I was thinking I could try and run tf.image.resize_images
A tensor is already 4D, with 1D allocated to 'batch_size' and the other 3D allocated for width, height, depth. If you are looking to process a 3D image and have batches of them in this configuration
[batch_size, width, height, depth, 1]
then use the squeeze function to remove to unnecessary final dimension like so:
tf.squeeze(yourData, [4])
This will output a tensor or shape
[batch_size, width, height, depth]
Which is what tensorflow will uses gracefully.
addition
If you have the dimensions handy and want to use the reshape capability of tensorflow instead you could like so :
reshapedData = tf.reshape(yourData, [batch_size, width, height, depth])

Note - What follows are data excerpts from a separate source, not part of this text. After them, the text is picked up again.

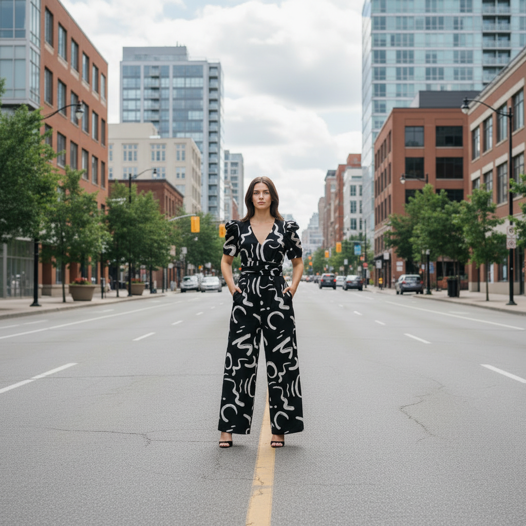 Abstract Print Women's Jumpsuit | Elegant Wide Leg Design
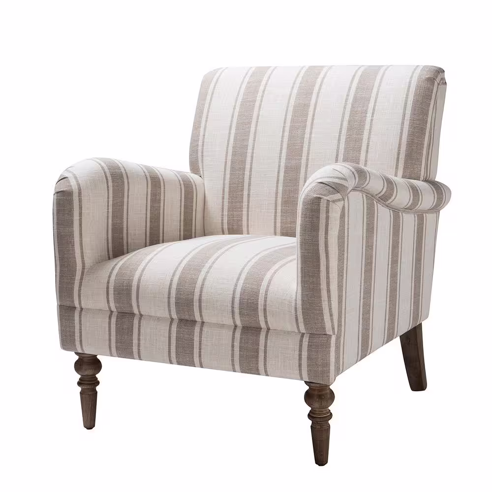 JAYDEN CREATION Hallstatt Tan Classic Wooden Upholstery Accent Arm Chair with Wood Base
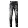 Men's Clothing Street Fashion Jeans Retro Black Grey Ripped Slim Fit Leather Denim Pants
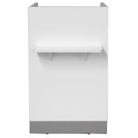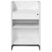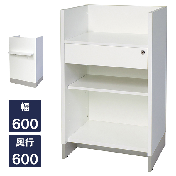| 特徴 | お客様側に荷物置きがついたノルムシリーズのレジカウンター。天板左右に配線用切り欠きあり、天板下は鍵付き引出しで伝票や電卓などを収納できます。収納部には可動棚板1枚付属、112mmピッチ3段階よりお好みの高さでご利用いただけます。巾木付きでつま先が当たりやすい部分を汚れから守ります。単体での使用はもちろん、ノルムシリーズのハイカウンターW900、W1200、コーナー用と組み合わせてご使用いただけます。 |
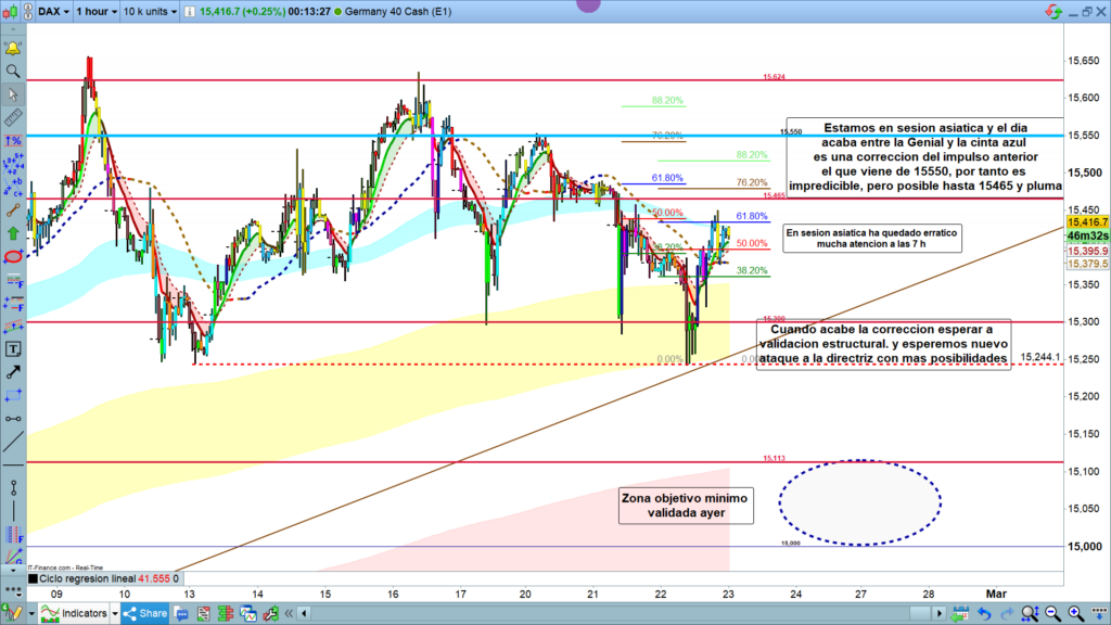 Si el precio durante asiática cierra velas de 1 hora validando quiebre de la cinta azul, por arriba, el objetivo más probable, tanto en la misma sesión asiática, como en las velas de las 7 h o de las 8 h en preapertura, será la cota histórica de los 15465. Atención a la posible fuerza, y sobre todo a los horarios, si hay volatilidad a las 11 h, con la publicación de los datos de Índice de Precios al Consumo, ya que podríamos tener una pluma importante por arriba de la cota histórica, posible zona entre 15480 y los 15500.
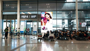 南京機(jī)場1f迎客廳出口雙面燈箱廣告
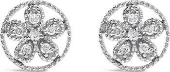 Imbued with the elegance of the night sky, these enchanting stud earrings bring together the celestial charm of stars with the grounded symmetry of wheels, crafted in rhodium-plated .925 sterling silver for enduring luster. Each piece features a captivating circular design, highlighted by earth-mined diamonds that sparkle subtly with an I-J color and I2-I3 clarity, reflecting the mysteries of a starlit night. The meticulous milgrain detailing along the borders lends a touch of vintage art deco sophistication, making these earrings not just accessories, but a testament to timeless craftsmanship. Perfect for secure wear, they come equipped with push-back closures, ensuring they stay in place as you navigate through your day or dazzle at special events.
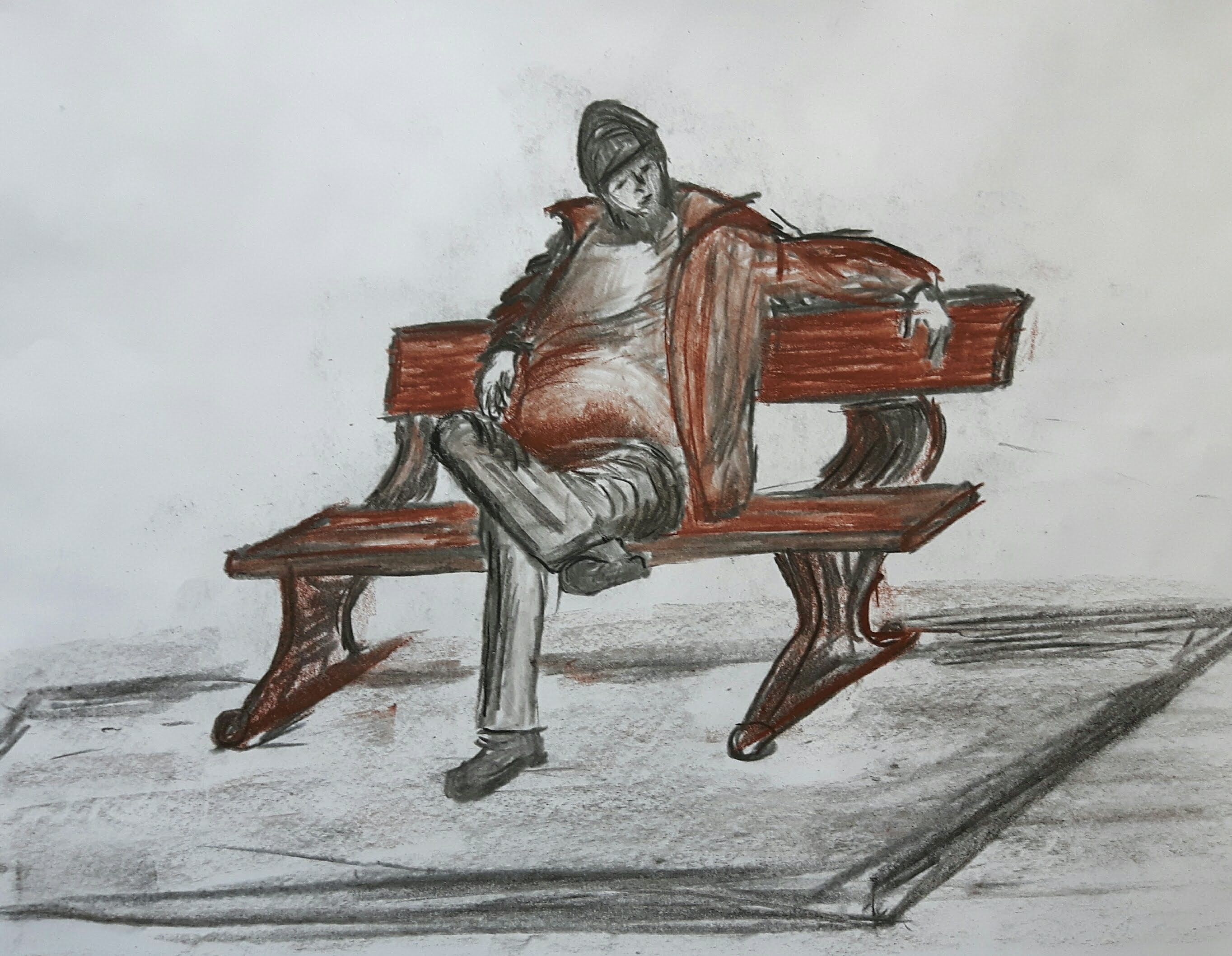 After reviewing my drawings I thought I would like to work on this drawing from the park.
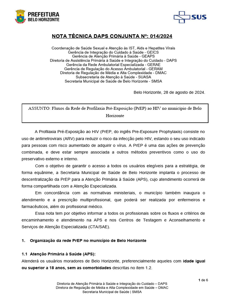 ASSUNTO: Fluxos da Rede de Profilaxia Pré-Exposição (PrEP) ao HIV no município de Belo
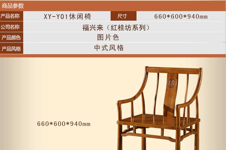 福兴来新款中式休闲椅实木书椅大小户型家具XY-Y01 休闲椅
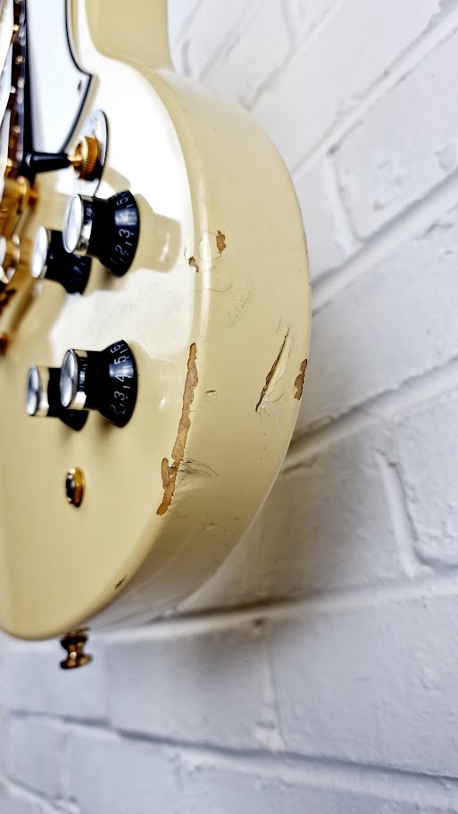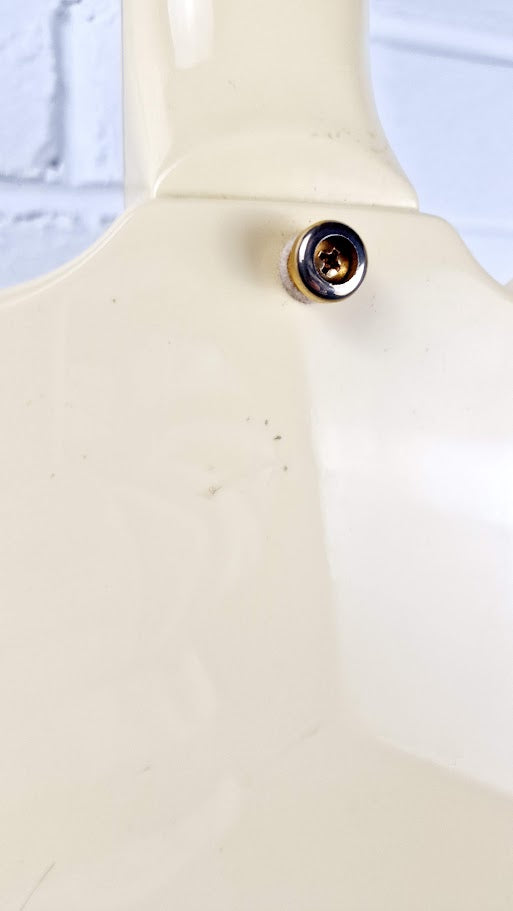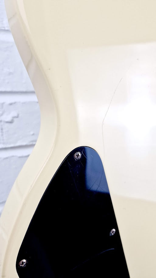 Plays great. Cosmetically, please see photos. Various marks/dinks/lacquer peel/cracks to lacquer, evidence of gigging. This is not meant to be sat in a museum, this is meant to be played! Awesome sounds from the triple pick ups.
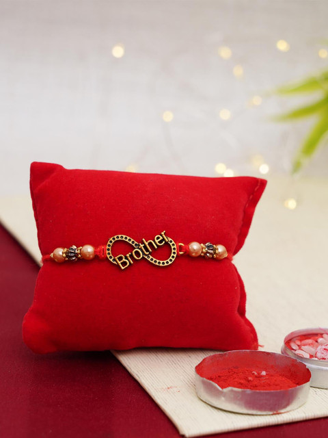 TIED RIBBONS Multicoloured Stone-Studded Infinity Rakhi with Card & Roli Chawal, Multi
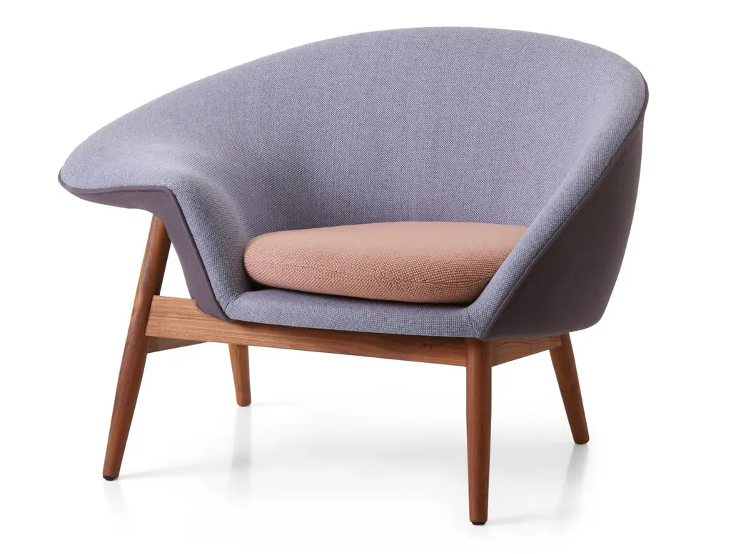 Fried Egg Left Lounge Chair Soft violet Plum Fresh Peach by Warm NordicDimensions: D99 x W68 x H 68 cmMaterial: Textile or nubuck upholstery, Solid oiled teakWeight: 25 kgAlso available in different colours and finishes. Please contact us.A unique asymmetrical lounge chair, designed by the highly acclaimed Danish architect, Hans Olsen in the 1950s. Fried Egg is also available in an exclusive anniversary edition with sustainable fabric, launched to celebrate the 100th birthday of Hans Olsen. The Fried Egg chair, in all its personality and capriciousness, is at last available for any design lovers who wish to add a bit of edginess to their homes in the shape of a unique item of designer furniture with roots in Danish Modernism. This roomy, comfortable chair was christened 'Fried Egg', because that is what it looks like when viewed from above. The flat armrests invite you to swing your legs nonchalantly up on them, when you really feel like relaxing. As a tribute to the 1950s' adoration of colour and love of teak, one of the Fried Egg options is this elegant type of wood and upholstery in a range of stunning colours. You also have the option of playing with two-tone combinations, which are strongly reminiscent of a fried egg. Choose an exclusive furnishing fabric from Kvadrat in a carefully selected shade from the Warm Nordic universe. The frame is available in the highest quality teak. The anniversary edition of Fried Egg is available in two beautiful options, both of which add an extra sensuousness to the Fried Egg chair by combining three different colours on the inside, outside, and on the cushion.Warm Nordic is an ambitious design brand anchored in Nordic design history and with a timeless, aesthetic style that inspires you to appreciate the little things in life. The company is the result of several years’ intense work on developing a new design brand with design history, quality and personality at its core. Warm Nordic boasts a colourful and charming universe of furniture, lamps and accessories full of personality. Our designs encapsulate the Nordic spirit, which in its essence is timeless, inclusive and warm.
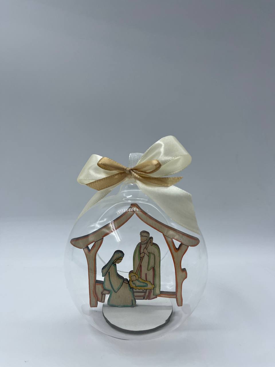 Sfera natalizia in vetro, diametro 10cm. L'interno è realizzato in pioppo, con intaglio laser e dipinto a mano. Lievi differenze dall'oggetto in foto garantiscono l'unicità del prodotto. Il colore del fiocco potrebbe essere diverso da quello in foto. Realizzazione artigianale ABS Oggettistica, made in Italy.
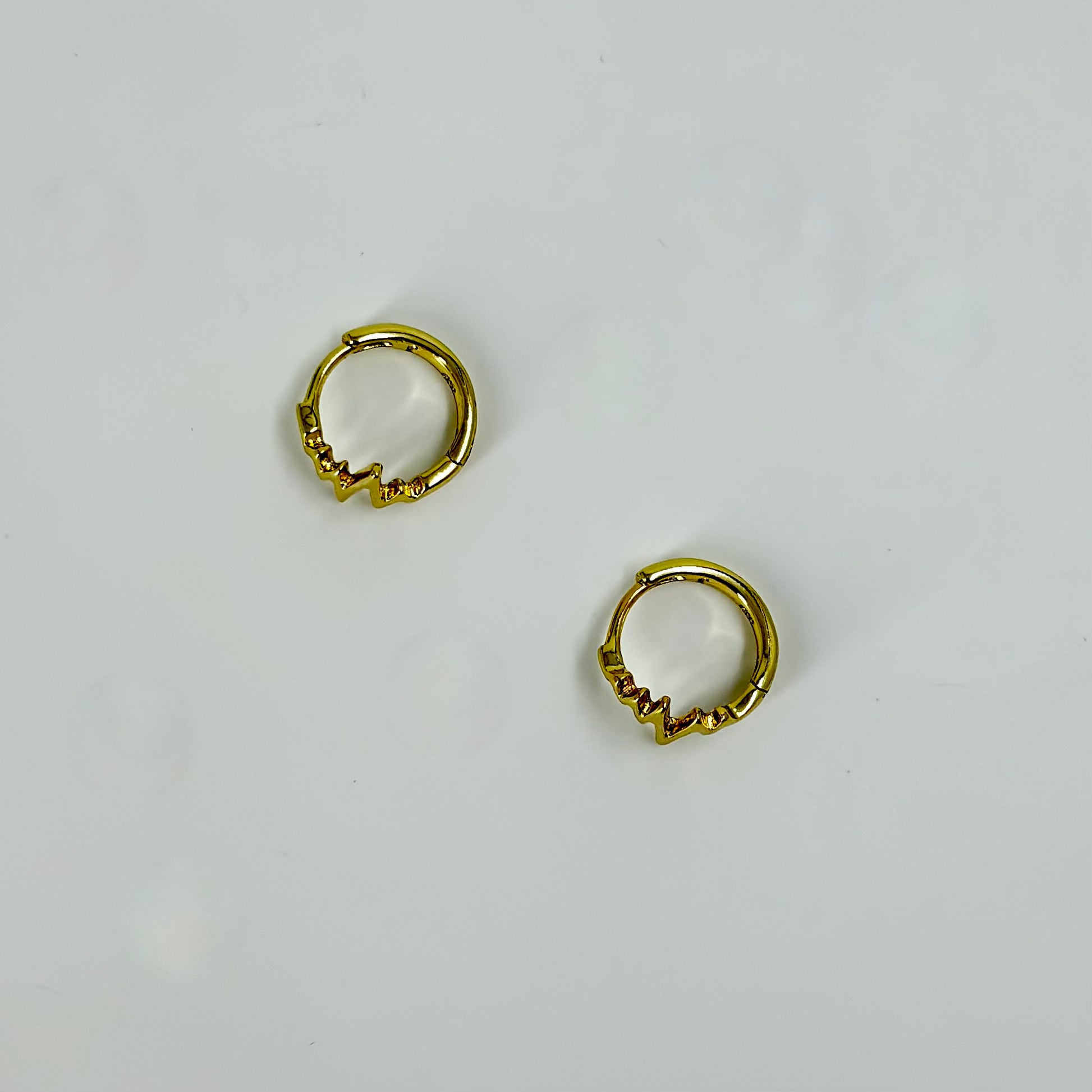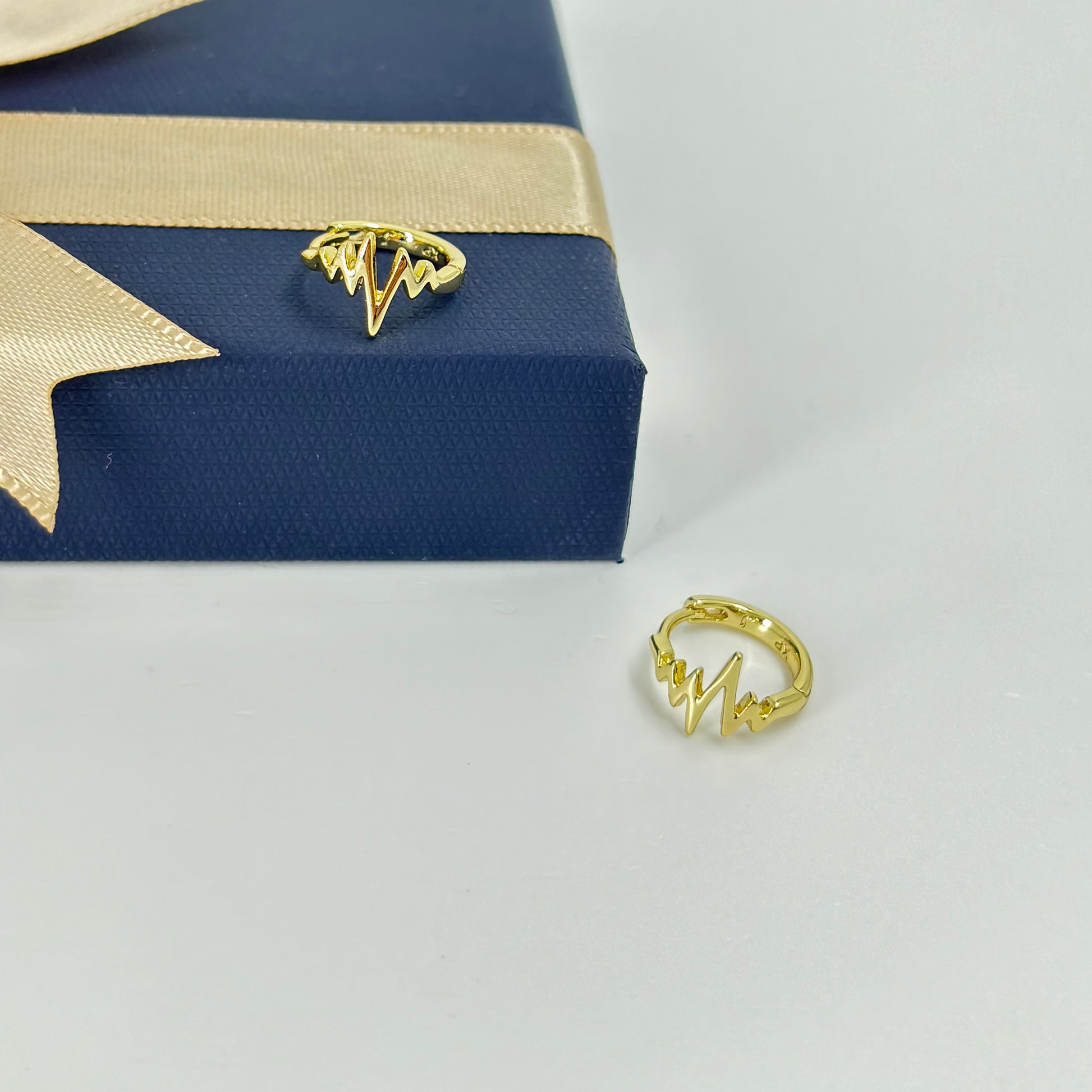 Inspired by the heartbeat of love and life, this open-style hoop features a unique electrocardiogram design, plated in radiant gold. A contemporary piece that symbolizes energy, passion, and endless love.

Personally, I'd use squeeze to declare to the next programmer that your code only intends to get rid of dimensions of size 1 whereas reshape could me so much more and would leave the next dev having to try to figure out why you are reshaping.
update to include the changing 4th dimension
You would like to sometimes use the dimension
[batch_size, width, height, depth, 1]
and sometimes use
[batch_size, width, height, depth, n]
No problem. It is the same solution, but now you can't use squeeze and instead are just left with reshape like so:
reshapedData = tf.reshape(yourData, [batch_size, width, height, depth*n])
How could this work? Let's imagine that depth is the number of image frames and n is the color depth (possibly 3 for RGB). The reshape will stack the color frames one after the other. Your tensorflow no doubt has a convolution layer immediately after the input. The convolution layer will process your stack of color frames as easily as your monochrome frames (albeit with more computing power and parameters).
and addition of scaling
Okay, here is how to scale the image, use tf.image.resize_images after resizing like so:
reshapedData = tf.image.resize_images( tf.reshape(yourData, [batch_size, width, height, depth*n]) , new_size )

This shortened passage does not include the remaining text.